> [DESCRIPTION OF THE TASK]:
This calls for a verbatim copy of all the data, with no images carried over.

> [RAW DATA]:
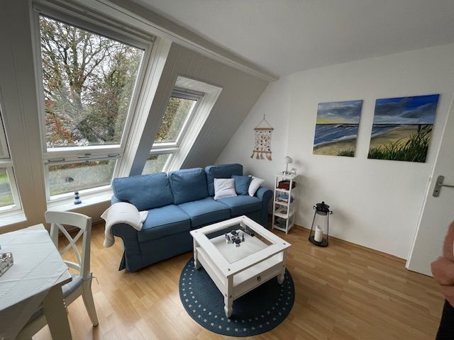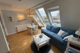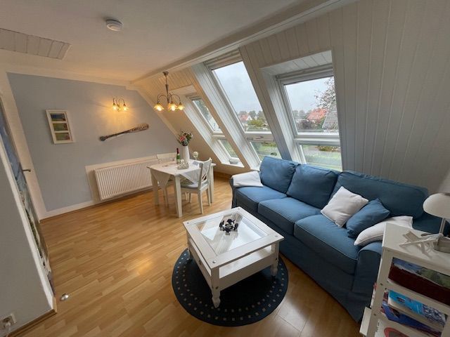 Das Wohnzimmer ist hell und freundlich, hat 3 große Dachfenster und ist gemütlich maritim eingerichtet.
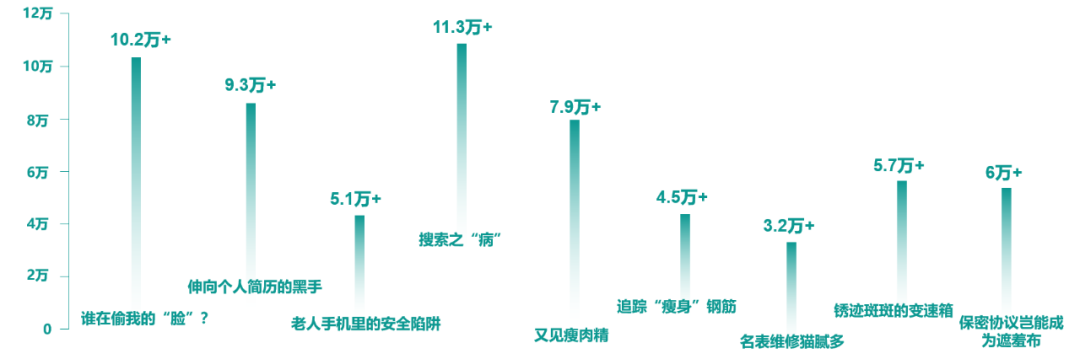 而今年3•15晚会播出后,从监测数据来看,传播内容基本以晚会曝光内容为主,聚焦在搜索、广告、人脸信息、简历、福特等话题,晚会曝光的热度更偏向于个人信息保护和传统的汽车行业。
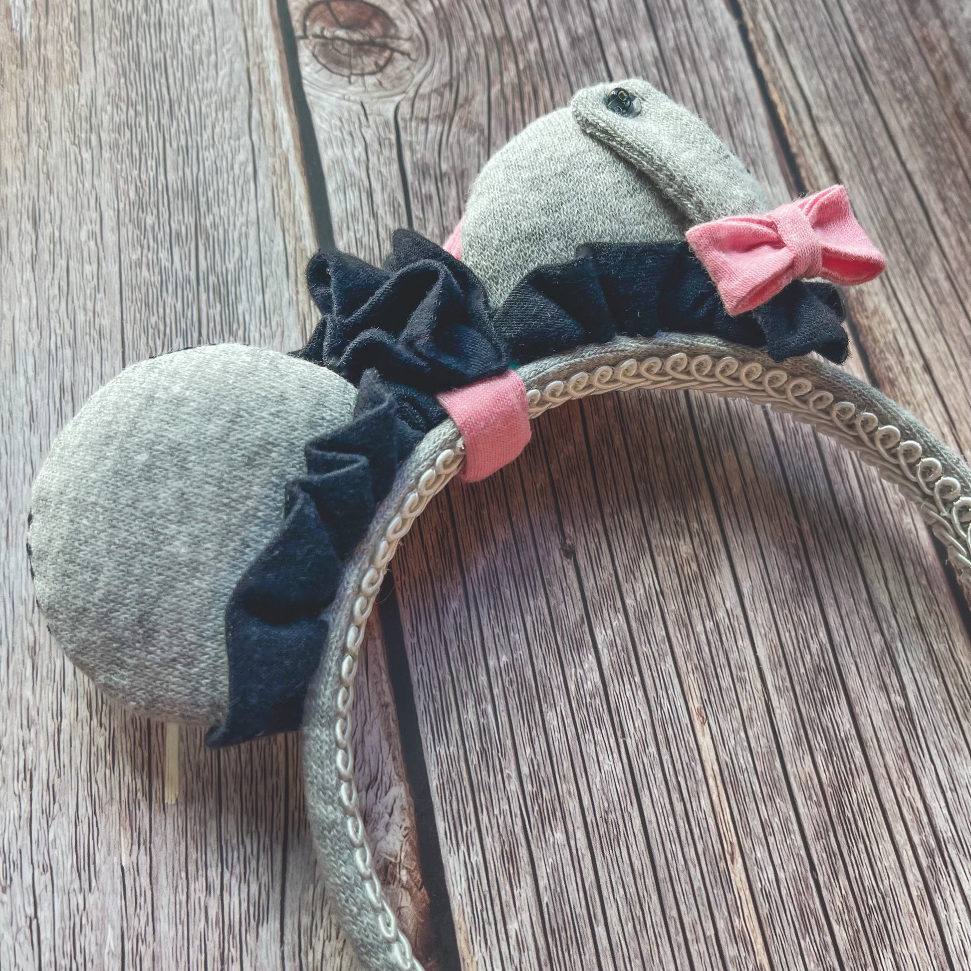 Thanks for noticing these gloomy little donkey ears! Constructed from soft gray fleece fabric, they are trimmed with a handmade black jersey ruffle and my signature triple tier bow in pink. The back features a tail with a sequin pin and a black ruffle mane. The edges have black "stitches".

> [ANSWER TO THIS TASK]:
 Das Wohnzimmer ist hell und freundlich, hat 3 große Dachfenster und ist gemütlich maritim eingerichtet.
 而今年3•15晚会播出后,从监测数据来看,传播内容基本以晚会曝光内容为主,聚焦在搜索、广告、人脸信息、简历、福特等话题,晚会曝光的热度更偏向于个人信息保护和传统的汽车行业。
 Thanks for noticing these gloomy little donkey ears! Constructed from soft gray fleece fabric, they are trimmed with a handmade black jersey ruffle and my signature triple tier bow in pink. The back features a tail with a sequin pin and a black ruffle mane. The edges have black "stitches".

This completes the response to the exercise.